Diana’s right, mortgage rates will likely rise in 2019, as they did in 2018. Maybe not as much as we thought. The news from Fed Chairman Powell -- there will be fewer rate increases – is effectively good for the housing market.
The challenge is, the reason why rates are going up is because the economy is strong. That counter acts the affordability crunch of mortgage rates. It’s the tug-of-war between the good economy and rising wages and why rates are rising. It actually means the housing market can at least withstand or deal with the more normalized rate environment we expect next year.
Interviewer: Mark, you bring up an interesting point about that tug-of-war. If we are to look at the U.S. housing economy. If we are to look at the housing stocks and all the building product companies out there. They didn’t tell a very good story in 2018. Does this mean the real estate market is not the best indicator for the U.S. economy?
Mark: No, I don’t think so. It certainly interacts or reacts to the U.S. economy. The good thing about housing is everybody needs it and you can’t outsource it. What we’re struggling with is, as Diana mentioned, is a lack of supply. Homebuilders, with some challenges, can help to solve.
The reason there aren’t many homes for sale is that so many existing homeowners today are sitting on mortgage rates at 3.5 or 4 percent and don’t want to move. So, you don’t get that supply of homes for sale, even though there’s a great story of a strong tailwind of demand from millennial first-time homebuyers who would love to buy something, if only it was for sale. Interviewer: Mark, what would be the primary drivers of the housing market in 2019? Is it going to be interest rates? Is it going to be the supply-demand imbalance? What is going to be the primary factor that is going to be the biggest influence over housing next year?
Mark: The supply and demand balance is definitely the one I’m focused on for next year. Rates will rise to maybe mid-5 percent, but that’s not a high-rate environment from a historical housing perspective. The bigger challenge is really the availability of supply. Existing homeowners today are sitting on their homes on average for 10 years. That’s up significantly from prior to the boom or even three or four years ago. They are the primary provider of most of the homes for sale in the U.S. So, the key challenges really is how do we build more new and affordable homes to solve the supply problem.
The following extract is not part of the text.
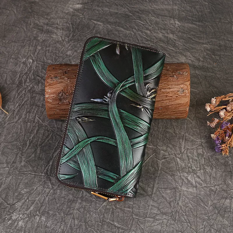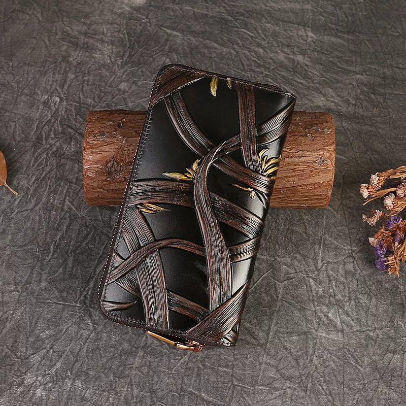 Vintage Handmade Embossed Genuine Leather Long Wallet for Women

Interviewer: Mark, we know that certain key markets like you pointed out, New York city also places like southern California, are feeling a bit more of that pullback. We know those markets are hot right now. What is it about the rest of the United States housing market that perhaps should be a little bit more tempered with regards to expectations? Both to the upside and downside. We’re not seeing the kinds of price declines in real estate in certain other parts of the country that we are in the coastal parts of the northeast or the western coast of the United States, right?
Mark: Right. The high-priced markets are high priced because -- one, they’re sought after, so there’s a lot of demand for housing and, in many cases, they’re highly restricted in terms of the availability of housing. That’s not necessarily the case in many of the other markets in the United States. Houston is a perfect example. Fourth largest city in the United States. Tons of homebuilding. Lots of expansion. Texas in general. It really gets down to, not where people want to live but the availability of the housing stock there and the ability to build new stock in those markets really makes the difference.
Interviewer: Before we let you go Mark, if I am a homebuyer what’s the best time of year next year to target that? Given your view on interest rates and affordability and housing demand.
Mark: I’d say probably early spring. There’s not a lot of inventory for sale typically in the winter months. Particularly in the cold parts of the United States. We know the rates will be rising further in to the year, so let’s target March to start looking to buy.